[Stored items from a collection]

-=-=-=-=-

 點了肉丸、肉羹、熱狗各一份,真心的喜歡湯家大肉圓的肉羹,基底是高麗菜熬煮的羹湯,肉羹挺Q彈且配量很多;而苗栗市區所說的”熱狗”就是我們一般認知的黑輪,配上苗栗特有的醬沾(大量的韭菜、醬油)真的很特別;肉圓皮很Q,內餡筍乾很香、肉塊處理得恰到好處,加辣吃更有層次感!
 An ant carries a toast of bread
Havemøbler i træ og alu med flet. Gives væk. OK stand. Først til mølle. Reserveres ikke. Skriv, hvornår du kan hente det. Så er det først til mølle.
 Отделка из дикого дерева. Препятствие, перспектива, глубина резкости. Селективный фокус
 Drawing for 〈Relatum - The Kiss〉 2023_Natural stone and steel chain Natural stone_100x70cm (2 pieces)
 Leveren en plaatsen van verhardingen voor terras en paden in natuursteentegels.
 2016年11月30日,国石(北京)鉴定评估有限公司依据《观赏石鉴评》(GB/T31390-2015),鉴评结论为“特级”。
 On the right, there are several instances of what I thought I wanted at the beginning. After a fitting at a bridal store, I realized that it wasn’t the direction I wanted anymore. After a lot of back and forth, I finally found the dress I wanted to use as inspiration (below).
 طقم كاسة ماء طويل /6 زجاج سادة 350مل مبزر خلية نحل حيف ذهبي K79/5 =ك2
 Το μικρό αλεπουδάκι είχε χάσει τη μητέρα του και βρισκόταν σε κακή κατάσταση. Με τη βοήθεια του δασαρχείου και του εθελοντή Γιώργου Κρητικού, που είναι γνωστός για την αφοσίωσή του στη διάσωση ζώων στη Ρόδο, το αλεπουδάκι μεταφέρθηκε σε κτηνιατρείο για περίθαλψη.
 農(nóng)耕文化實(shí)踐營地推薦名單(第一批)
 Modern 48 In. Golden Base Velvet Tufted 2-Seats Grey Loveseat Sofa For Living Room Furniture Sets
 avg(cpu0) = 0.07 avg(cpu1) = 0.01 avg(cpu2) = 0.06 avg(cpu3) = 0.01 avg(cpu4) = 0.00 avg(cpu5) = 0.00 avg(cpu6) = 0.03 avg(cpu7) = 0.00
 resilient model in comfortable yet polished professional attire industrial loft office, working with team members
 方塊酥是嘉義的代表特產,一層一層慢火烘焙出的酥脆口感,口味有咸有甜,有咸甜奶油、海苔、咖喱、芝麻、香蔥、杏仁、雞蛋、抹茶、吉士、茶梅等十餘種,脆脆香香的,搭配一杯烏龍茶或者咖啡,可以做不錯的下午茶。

-=-=-=-=-

→ What is expected:
An exact copy of the lines from the one containing "resilient model in" through the end of the data above is the whole answer.

→ Completed exercise:
 resilient model in comfortable yet polished professional attire industrial loft office, working with team members
 方塊酥是嘉義的代表特產,一層一層慢火烘焙出的酥脆口感,口味有咸有甜,有咸甜奶油、海苔、咖喱、芝麻、香蔥、杏仁、雞蛋、抹茶、吉士、茶梅等十餘種,脆脆香香的,搭配一杯烏龍茶或者咖啡,可以做不錯的下午茶。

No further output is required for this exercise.